Lipopolysaccharides (LPS) derived from intestinal symbionts plays a critical role in modulating and maintaining mucosal immunity. In this study, we investigated the chemical characteristics and antiobesity properties of Akkermansia muciniphila HW07 LPS (ALPS). ALPS was identified as hypo-acylated, mono/bis-phosphorylated, rough-type LPS. Compared to Escherichia coli LPS (ELPS), ALPS functions as a weak agonist of TLR4/TLR2. Intraperitoneal administration of ALPS in diet-induced obese (DIO) mice suppressed weight gain, improved metabolic parameters, restored gut barrier integrity, and modulated the gut microbiota. Notably, ALPS treatment significantly increased plasma interleukin (IL)-22 levels. Furthermore, neutralizing IL-22 with an antibody eliminated the antiobesity effects of ALPS in DIO mice. Mechanistically, ALPS upregulated the expression of both IL-22 and its upstream cytokine IL-23 in a TLR4-dependent manner.

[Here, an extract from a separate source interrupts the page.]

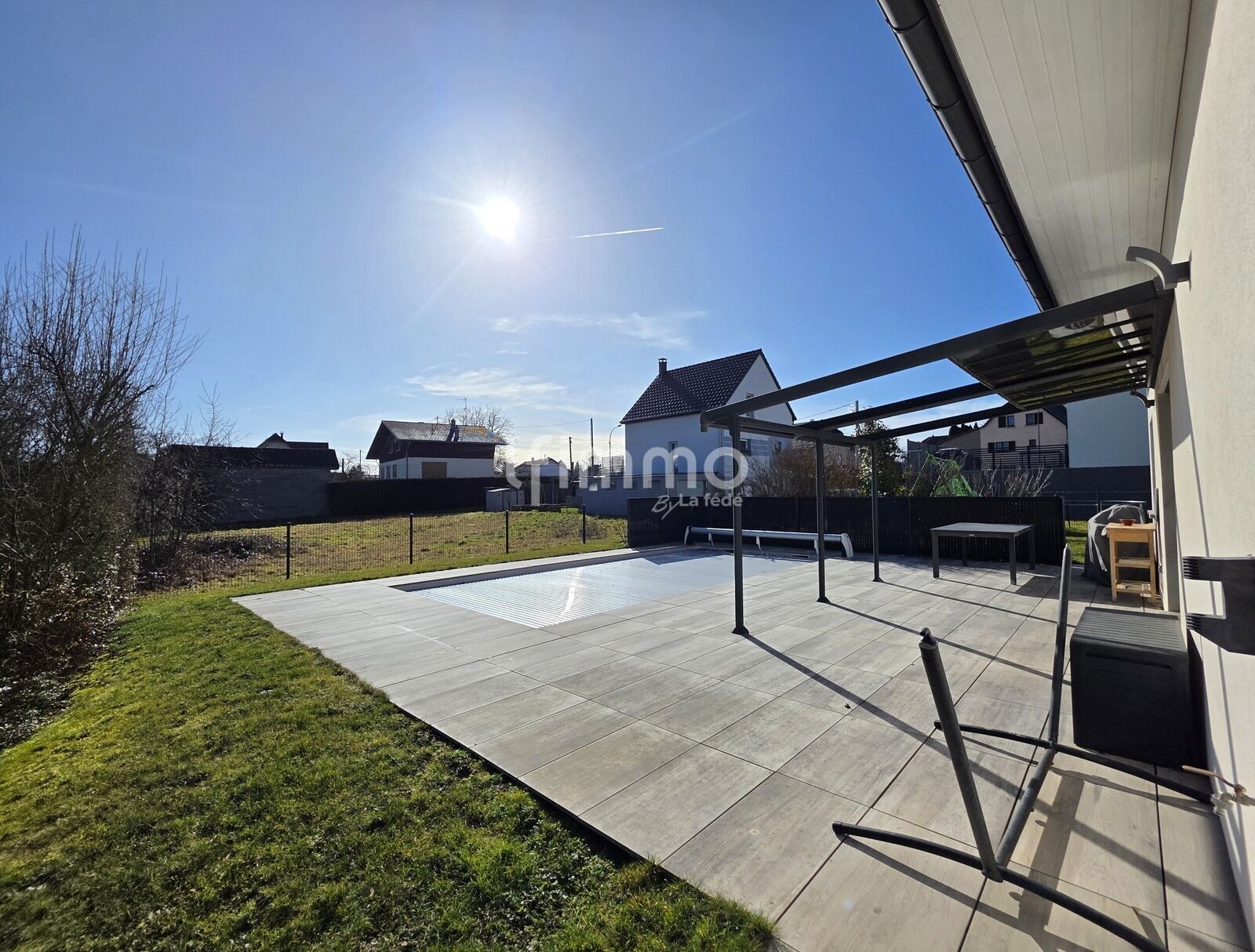 À l’extérieur, la terrasse, la pergola et la piscine chauffée de 8 × 3,80 m, équipée d’un volet électrique installé en 2022, promettent de véritables moments de détente durant la belle saison. L’ensemble est implanté sur près de 7 ares de terrain entièrement clos et paysagé, offrant un cadre sécurisé et agréable.

These findings confirm that activation of the TLR4-IL-23-IL-22 immune axis is a key mechanism underlying the antiobesity effect of ALPS. In acute toxicity assessment, no fatalities were observed in ALPS-treated mice, whereas ELPS treatment led to a 40% mortality rate. Collectively, our results demonstrate that hypo-acylated LPS from A. muciniphila functions as a metabolically beneficial immune modulator that exerts immunomodulatory effects through the TLR4-IL-22 axis and suggests ALPS as a promising novel therapeutic strategy for metabolic disorders.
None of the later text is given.